[[ Dataset extract open ]]

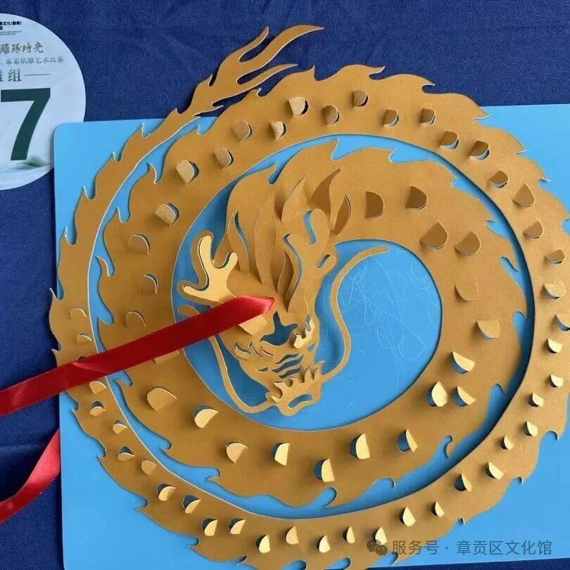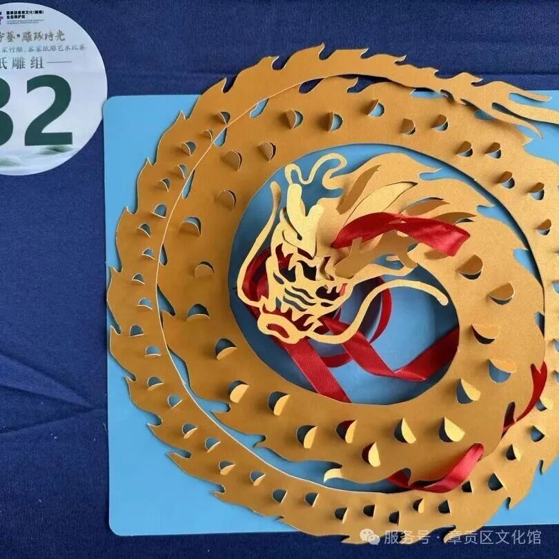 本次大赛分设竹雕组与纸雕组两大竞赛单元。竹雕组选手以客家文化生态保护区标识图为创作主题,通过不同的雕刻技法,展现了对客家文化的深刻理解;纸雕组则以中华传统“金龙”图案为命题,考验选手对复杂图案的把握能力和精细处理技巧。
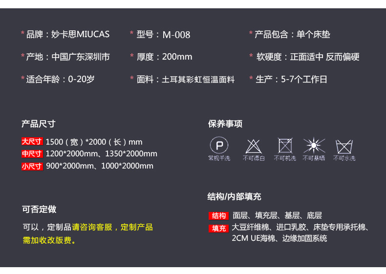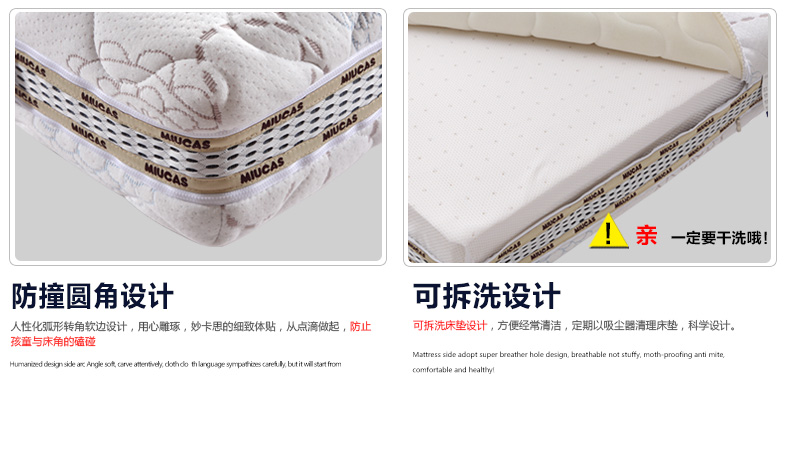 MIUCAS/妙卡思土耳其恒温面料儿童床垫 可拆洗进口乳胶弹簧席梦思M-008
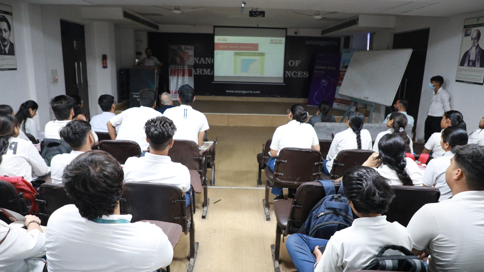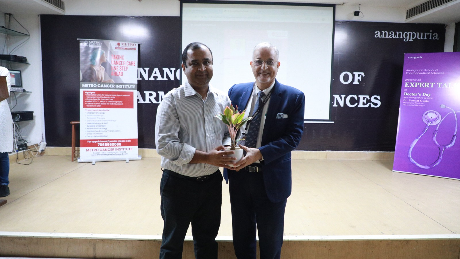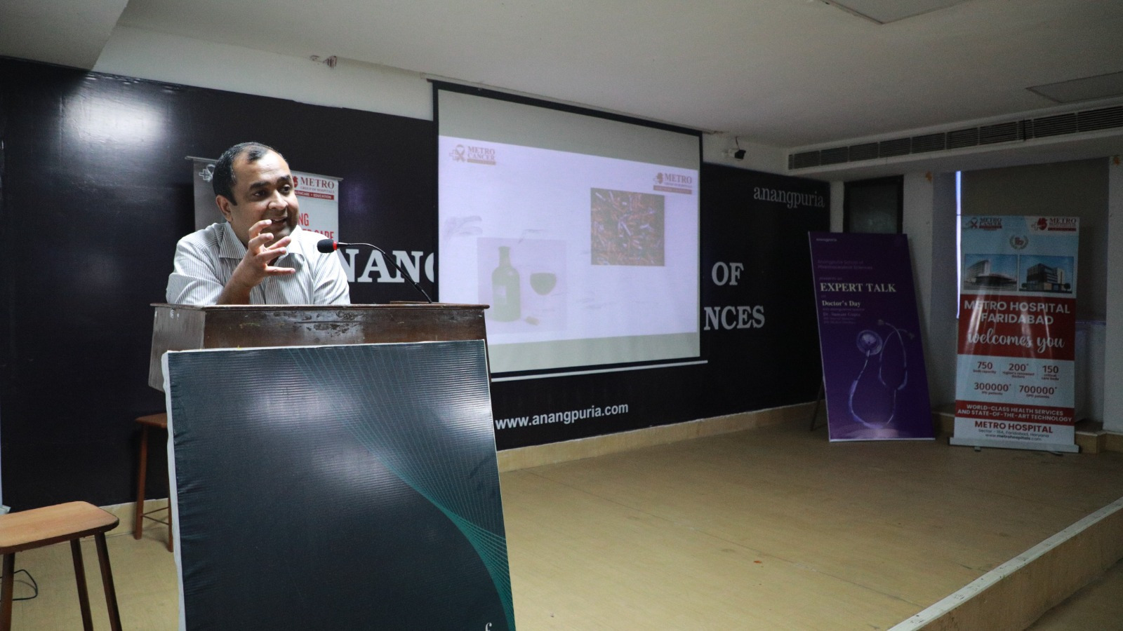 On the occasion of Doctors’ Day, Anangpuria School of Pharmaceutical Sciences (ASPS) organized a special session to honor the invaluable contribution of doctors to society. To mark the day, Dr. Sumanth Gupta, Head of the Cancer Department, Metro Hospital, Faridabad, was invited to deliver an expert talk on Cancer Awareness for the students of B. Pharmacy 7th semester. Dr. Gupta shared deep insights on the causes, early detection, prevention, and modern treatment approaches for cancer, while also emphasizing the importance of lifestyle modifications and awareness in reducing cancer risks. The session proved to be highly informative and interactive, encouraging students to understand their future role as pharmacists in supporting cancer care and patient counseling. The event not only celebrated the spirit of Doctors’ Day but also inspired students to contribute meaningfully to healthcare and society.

[[ Dataset extract closed ]]

• What the task asks: Every line between the start of the listing and the line containing "MIUCAS/妙卡思土耳其恒温面料儿童床垫 可拆洗进口乳胶弹簧席梦思M-008", both ends counted, needs to be printed exactly, minus the pictures.

• Response:
 本次大赛分设竹雕组与纸雕组两大竞赛单元。竹雕组选手以客家文化生态保护区标识图为创作主题,通过不同的雕刻技法,展现了对客家文化的深刻理解;纸雕组则以中华传统“金龙”图案为命题,考验选手对复杂图案的把握能力和精细处理技巧。
 MIUCAS/妙卡思土耳其恒温面料儿童床垫 可拆洗进口乳胶弹簧席梦思M-008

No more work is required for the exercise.